__TASK TO CARRY OUT__: When you transcribe the listing that follows, keep every line exact and omit the pictures.

__DATA LISTING__:
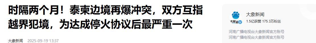 3.《時隔兩個月!泰柬邊境再爆衝突,雙方互指越界犯境,爲達成停火協議後最嚴重一次》2025-09-19 13:37 | 來源:大象新聞
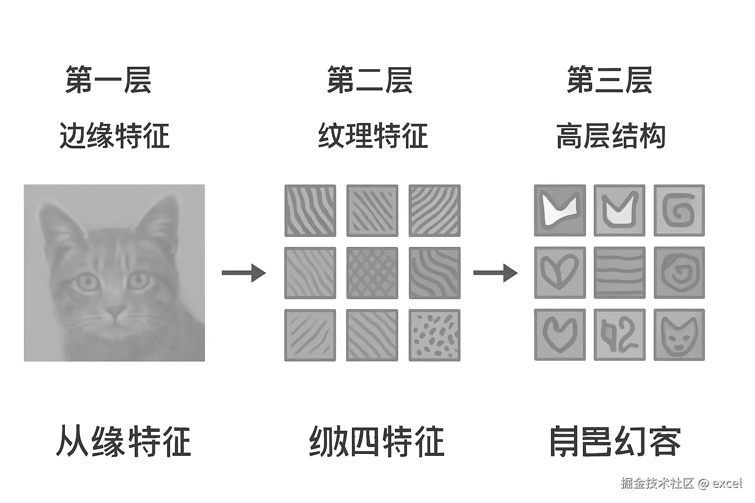 - 第三层:组合纹理形成猫脸 → 最终能够识别猫的整体结构。
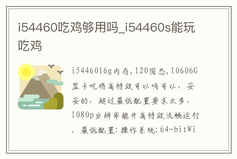 i5446016g內(nèi)存,120固態(tài),10606G顯卡吃雞高特效可以嗎可以,妥妥的,超過最低配置要求太多,1080p分辨率能開高特效流暢運(yùn)行。最低配置:操作系統(tǒng):64-bitWindows7,Windows8.1,Windows10處理器:IntelCorei3-4340/AMDFX-6300內(nèi)存:6GBRAM圖形:nVidiaGeForceGTX。2、i54460玩大型
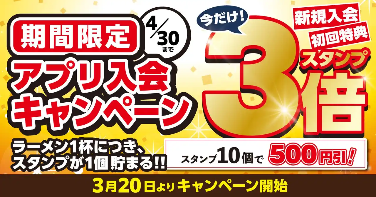 | 新規入会したお客様の初回特典として、スタンプが3倍になるアプリ入会キャンペーンを期間限定で開催いたします。通常、ラーメン1杯につきスタンプ1個付与されるところ、期間中に初めてご飲食いただいたお客様には、ラーメン1杯につきスタンプが3個付与されます。スタンプが10個貯まると、次回使える500円引きのアプリクーポンが届きます。ぜひこの機会をお見逃しなく! | |||
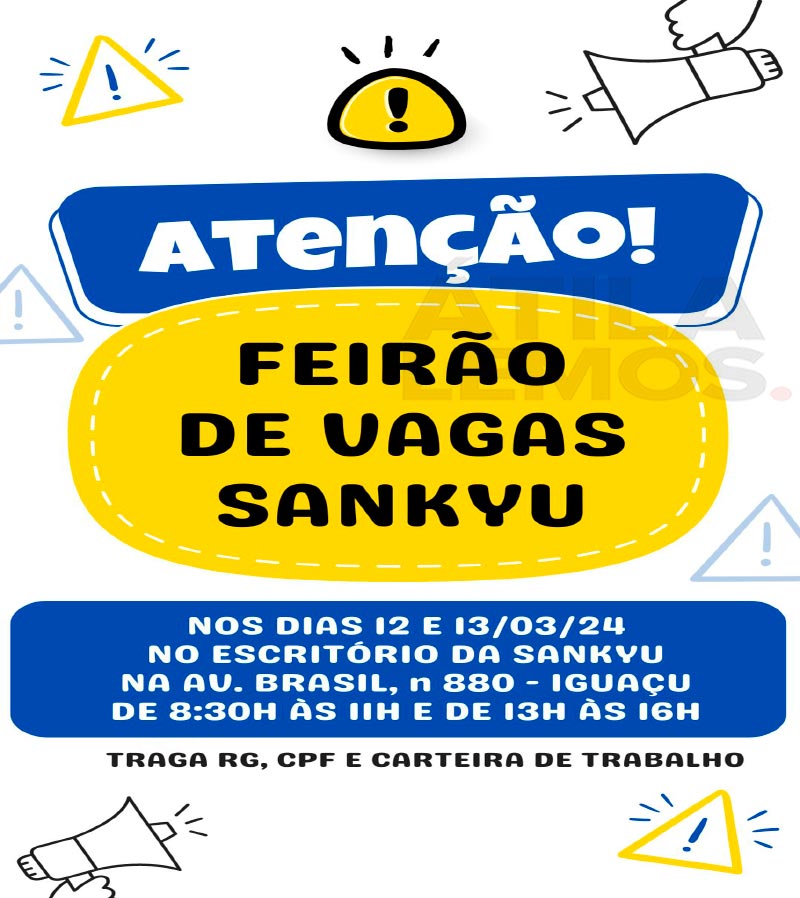Na próxima semana nos dias 12 e 13 de março, a Filial de Ipatinga, estará realizando um “Feirão de Vagas” no seu escritório, localizado na avenida Brasil, nº880 – Iguaçu.
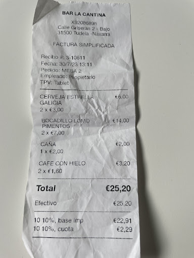 Read moreAunque vimos las excelentes referencias de los menús y precio, decidimos pedirnos unos bocadillos. Los bocadillos de lomo con pimientos muy buenos, la verdad pero tamaño normal. El precio nos pareció elevado, 7 € cada uno. La cerveza estrella Galícia, a 3€, también excesivo. En definitiva, adjunto el tiquet ya que nos pareció, por otras veces que hemos estado en Tudela, que estos no son los precios que habitualmente se cobran (a los autóctonos...
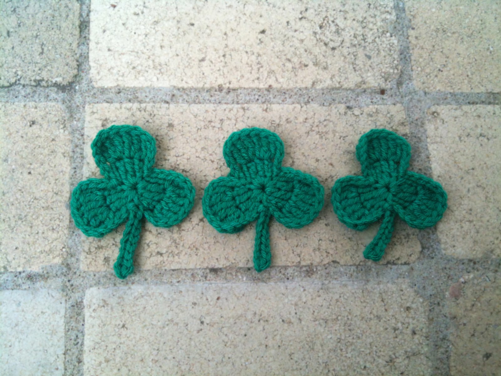 The crochet heart pins were so much fun to make for Valentine’s Day, I decided to make some shamrock pins for St. Patrick’s Day.
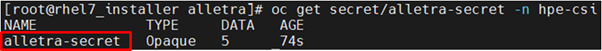 - The following output displays the status of the alletra-secret with the "hpe-csi" namespace.
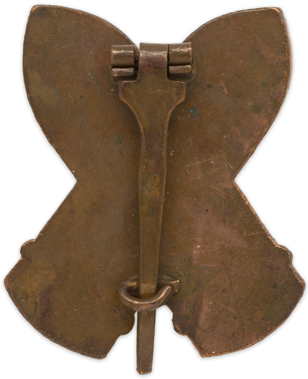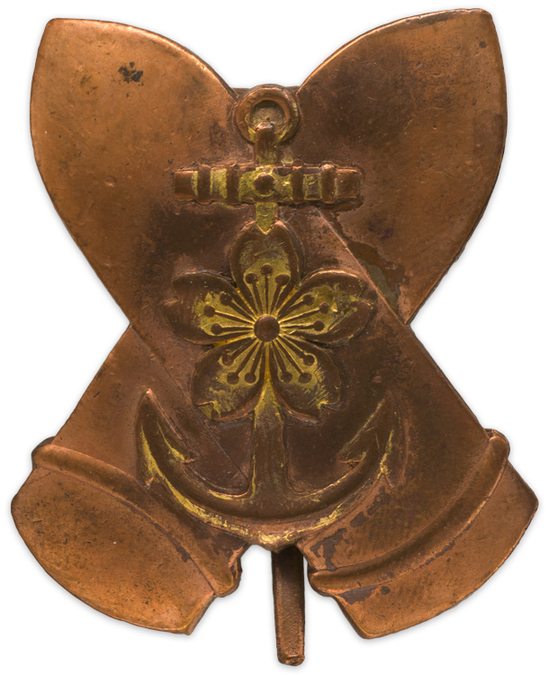 A badge that takes the form of two crossed Navy artillery shells with a cherry blossom and anchor affixed to the center. The badge measures approximately 30mm x 37mm and is complete with original hinged, tapered pin and catch device. Catch is bent in the closed position.
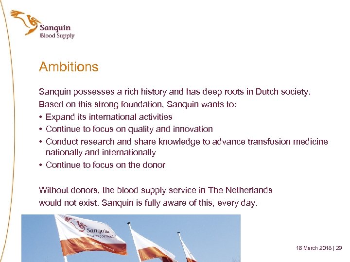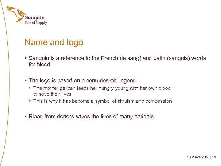 Name and logo • Sanquin is a reference to the French (le sang) and Latin (sanguis) words for blood • The logo is based on a centuries-old legend • The mother pelican feeds her hungry young with her own blood to save their lives • This is why it has become a symbol of altruism and compassion • Blood from donors saves the lives of many patients 16 March 2018 | 28
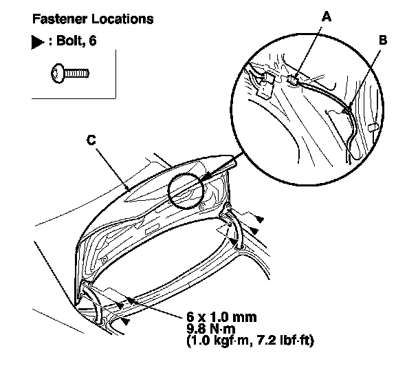 2. Disconnect the trunk lid harness connector (A), then detach the clip (B). Using a TORX T30 bit, remove the bolts, then remove the trunk lid (C), and pull the trunk lid harness out through the trunk lid.
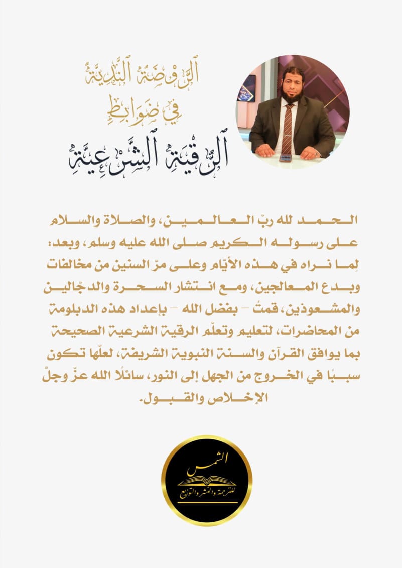 لِما نراه في هذه الأيّام وعلى مرّ السنين من مخالفات وبدع المعالجين، ومع انتشار السحرة والدجّالين والمشعوذين، قمتُ – بفضل الله – بإعداد هذه الدبلومة من المحاضرات، لتعليم وتعلّم الرقية الشرعية الصحيحة بما يوافق القرآن والسنة النبوية الشريفة، لعلّها تكون سببًا في الخروج من الجهل إلى النور، سائلًا الله عزّ وجلّ الإخلاص والقبول.
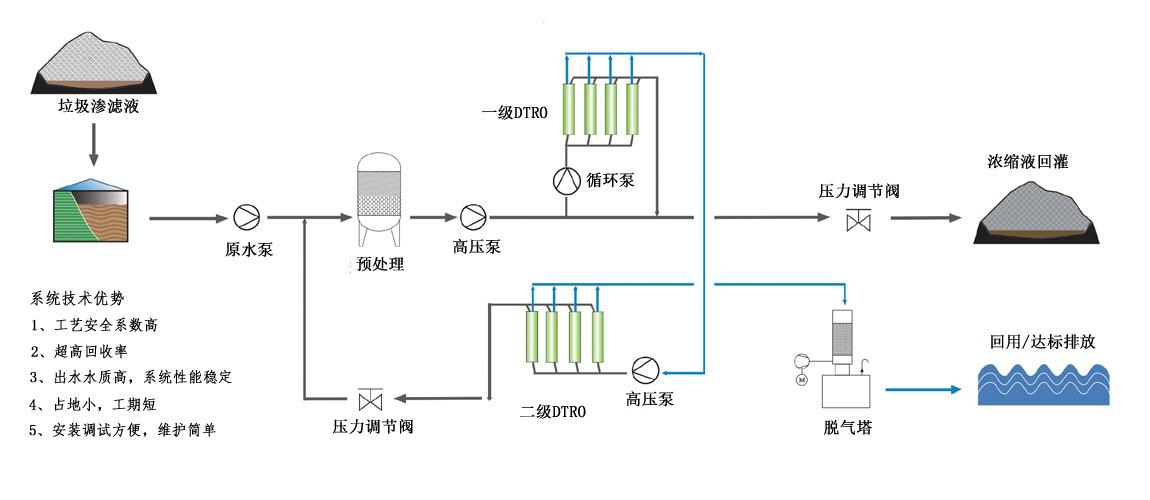 (3)工(gong)藝描述:垃(la)圾(ji)填(tian)埋場(chang)滲濾(lv)液(ye)原液(ye)經由調(diao)節(jie)池進(jin)入到高(gao)壓泵后,通過(guo)循環高壓泵進入到一級DTRO反(fan)滲(shen)透(tou)膜過濾,齣水(shui)后進入(ru)到二級DTRO反滲透係(xi)統,經兩(liang)級反滲透(tou)過(guo)濾(lv)后(hou)齣(chu)水(shui)達標(biao)排(pai)放,循環進(jin)入到係統(tong)進行處(chu)理。一(yi)級濃(nong)液迴灌(guan)垃圾填(tian)埋(mai)區(qu)進(jin)行(xing)集(ji)中處(chu)理,二級(ji)濃(nong)液迴(hui)流(liu)到總(zong)進(jin)水(shui)口,係統總(zong)産(chan)水率在60%左右。
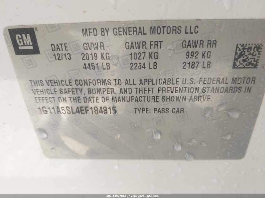 2014 CHEVROLET MALIBU 2014 року Бензин, 2.5, Передній привід, vin - 1G11A5SL4EF184815 з США
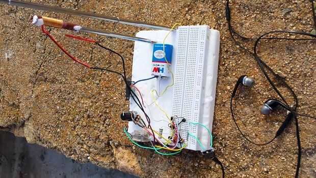 Pueden hacer emisión de radio de Am con componentes simples:1 transistor 2n2222mega ohmios de 1 resistencia 1470 ohm de 1 resistencia1 condensador de cerámica de 1 nf "102"1 condensador variable 5-250P de una vieja radioCentro tap bobina con núc
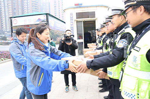 1月3日,金华体彩开展“冬日送温暖”活动,全体工作人员到全市各大路口慰问交警、环卫工人,为交通道路上的守护者们送去冬日里的温暖。
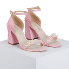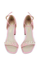 Wholly hand-embellished pair of heels, delicately laden with pearls, is handcrafted in a soft blush satin. She’s embroidered, inspired by the concept of wishing upon a dandelion in pop colours and glass beads, that take to the wind and spread out as pearly puffballs. The D'orsay counter cups the ankle and she’s finished with an elegant open toe strap.
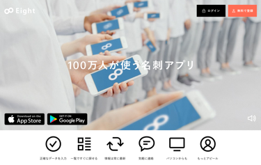 Eightは、名刺管理機能に加えてソーシャルの仕組みも取り入れた、100万人が使う名刺アプリです。交換した名刺は、スマホで撮影するだけで、オぺレーターの手入力によって正確にデータ化され、全ての名刺情報にいつでもアクセスできます。挨拶した相手もEightユーザーであれば、アプリの名刺交換機能で直接つながることもできます。Eightでつながれば、仕事の近況や異動・転職情報などをニュースフィードで知ることができ、継続してコミュニケーションがとれるようになります。
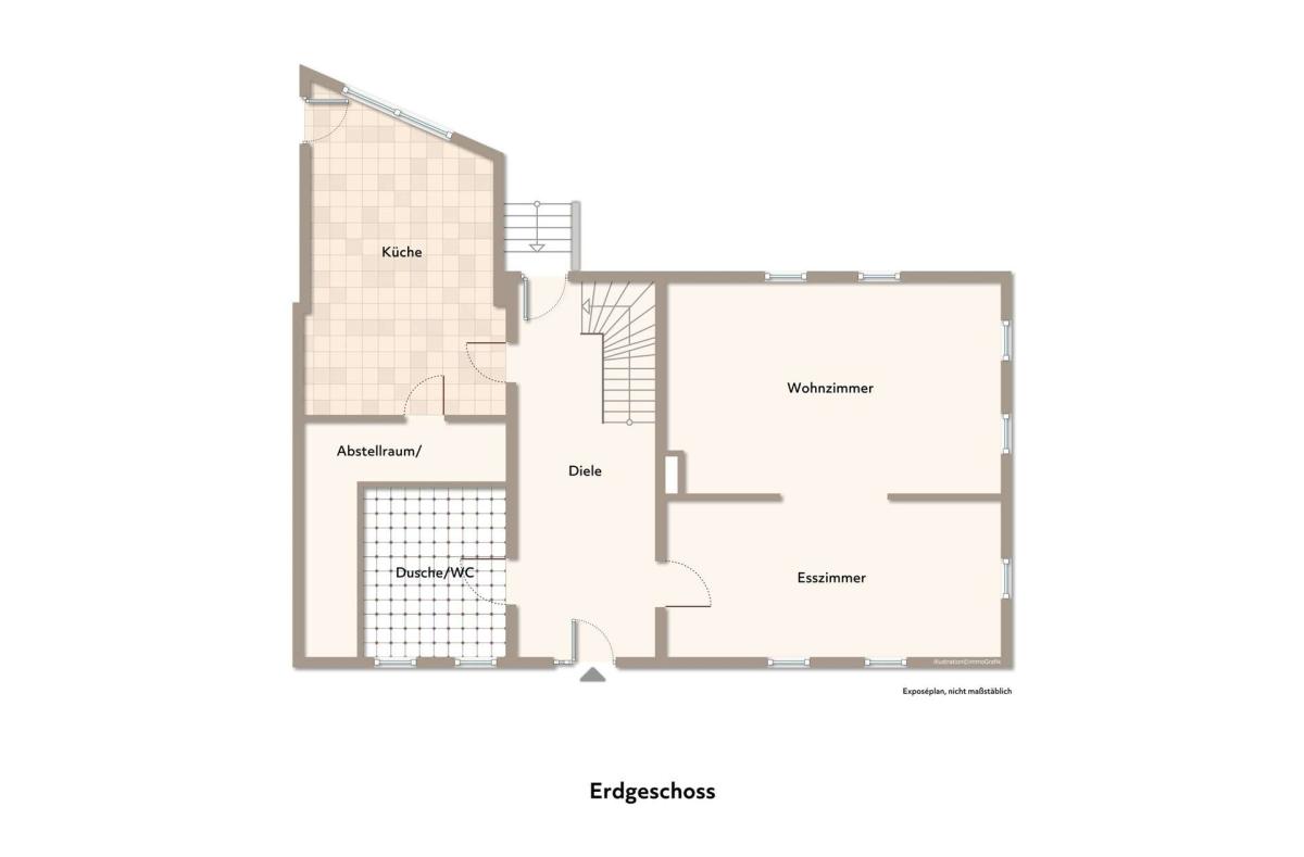 Im Erdgeschoss betreten Sie den imposanten Flur, von welchem Sie alle Räume erreichen. Ihnen steht ein großer Wohn-/Essbereich, eine geräumige Küche samt Abstellraum und ein Badezimmer zur Verfügung.

__EXPECTED OUTPUT__:
 3.《時隔兩個月!泰柬邊境再爆衝突,雙方互指越界犯境,爲達成停火協議後最嚴重一次》2025-09-19 13:37 | 來源:大象新聞
 - 第三层:组合纹理形成猫脸 → 最终能够识别猫的整体结构。
 i5446016g內(nèi)存,120固態(tài),10606G顯卡吃雞高特效可以嗎可以,妥妥的,超過最低配置要求太多,1080p分辨率能開高特效流暢運(yùn)行。最低配置:操作系統(tǒng):64-bitWindows7,Windows8.1,Windows10處理器:IntelCorei3-4340/AMDFX-6300內(nèi)存:6GBRAM圖形:nVidiaGeForceGTX。2、i54460玩大型
 | 新規入会したお客様の初回特典として、スタンプが3倍になるアプリ入会キャンペーンを期間限定で開催いたします。通常、ラーメン1杯につきスタンプ1個付与されるところ、期間中に初めてご飲食いただいたお客様には、ラーメン1杯につきスタンプが3個付与されます。スタンプが10個貯まると、次回使える500円引きのアプリクーポンが届きます。ぜひこの機会をお見逃しなく! | |||
Na próxima semana nos dias 12 e 13 de março, a Filial de Ipatinga, estará realizando um “Feirão de Vagas” no seu escritório, localizado na avenida Brasil, nº880 – Iguaçu.
 Read moreAunque vimos las excelentes referencias de los menús y precio, decidimos pedirnos unos bocadillos. Los bocadillos de lomo con pimientos muy buenos, la verdad pero tamaño normal. El precio nos pareció elevado, 7 € cada uno. La cerveza estrella Galícia, a 3€, también excesivo. En definitiva, adjunto el tiquet ya que nos pareció, por otras veces que hemos estado en Tudela, que estos no son los precios que habitualmente se cobran (a los autóctonos...
 The crochet heart pins were so much fun to make for Valentine’s Day, I decided to make some shamrock pins for St. Patrick’s Day.
 - The following output displays the status of the alletra-secret with the "hpe-csi" namespace.
 A badge that takes the form of two crossed Navy artillery shells with a cherry blossom and anchor affixed to the center. The badge measures approximately 30mm x 37mm and is complete with original hinged, tapered pin and catch device. Catch is bent in the closed position.
 Name and logo • Sanquin is a reference to the French (le sang) and Latin (sanguis) words for blood • The logo is based on a centuries-old legend • The mother pelican feeds her hungry young with her own blood to save their lives • This is why it has become a symbol of altruism and compassion • Blood from donors saves the lives of many patients 16 March 2018 | 28
 2. Disconnect the trunk lid harness connector (A), then detach the clip (B). Using a TORX T30 bit, remove the bolts, then remove the trunk lid (C), and pull the trunk lid harness out through the trunk lid.
 لِما نراه في هذه الأيّام وعلى مرّ السنين من مخالفات وبدع المعالجين، ومع انتشار السحرة والدجّالين والمشعوذين، قمتُ – بفضل الله – بإعداد هذه الدبلومة من المحاضرات، لتعليم وتعلّم الرقية الشرعية الصحيحة بما يوافق القرآن والسنة النبوية الشريفة، لعلّها تكون سببًا في الخروج من الجهل إلى النور، سائلًا الله عزّ وجلّ الإخلاص والقبول.
 (3)工(gong)藝描述:垃(la)圾(ji)填(tian)埋場(chang)滲濾(lv)液(ye)原液(ye)經由調(diao)節(jie)池進(jin)入到高(gao)壓泵后,通過(guo)循環高壓泵進入到一級DTRO反(fan)滲(shen)透(tou)膜過濾,齣水(shui)后進入(ru)到二級DTRO反滲透係(xi)統,經兩(liang)級反滲透(tou)過(guo)濾(lv)后(hou)齣(chu)水(shui)達標(biao)排(pai)放,循環進(jin)入到係統(tong)進行處(chu)理。一(yi)級濃(nong)液迴灌(guan)垃圾填(tian)埋(mai)區(qu)進(jin)行(xing)集(ji)中處(chu)理,二級(ji)濃(nong)液迴(hui)流(liu)到總(zong)進(jin)水(shui)口,係統總(zong)産(chan)水率在60%左右。
 2014 CHEVROLET MALIBU 2014 року Бензин, 2.5, Передній привід, vin - 1G11A5SL4EF184815 з США
 Pueden hacer emisión de radio de Am con componentes simples:1 transistor 2n2222mega ohmios de 1 resistencia 1470 ohm de 1 resistencia1 condensador de cerámica de 1 nf "102"1 condensador variable 5-250P de una vieja radioCentro tap bobina con núc
 1月3日,金华体彩开展“冬日送温暖”活动,全体工作人员到全市各大路口慰问交警、环卫工人,为交通道路上的守护者们送去冬日里的温暖。
 Wholly hand-embellished pair of heels, delicately laden with pearls, is handcrafted in a soft blush satin. She’s embroidered, inspired by the concept of wishing upon a dandelion in pop colours and glass beads, that take to the wind and spread out as pearly puffballs. The D'orsay counter cups the ankle and she’s finished with an elegant open toe strap.
 Eightは、名刺管理機能に加えてソーシャルの仕組みも取り入れた、100万人が使う名刺アプリです。交換した名刺は、スマホで撮影するだけで、オぺレーターの手入力によって正確にデータ化され、全ての名刺情報にいつでもアクセスできます。挨拶した相手もEightユーザーであれば、アプリの名刺交換機能で直接つながることもできます。Eightでつながれば、仕事の近況や異動・転職情報などをニュースフィードで知ることができ、継続してコミュニケーションがとれるようになります。
 Im Erdgeschoss betreten Sie den imposanten Flur, von welchem Sie alle Räume erreichen. Ihnen steht ein großer Wohn-/Essbereich, eine geräumige Küche samt Abstellraum und ein Badezimmer zur Verfügung.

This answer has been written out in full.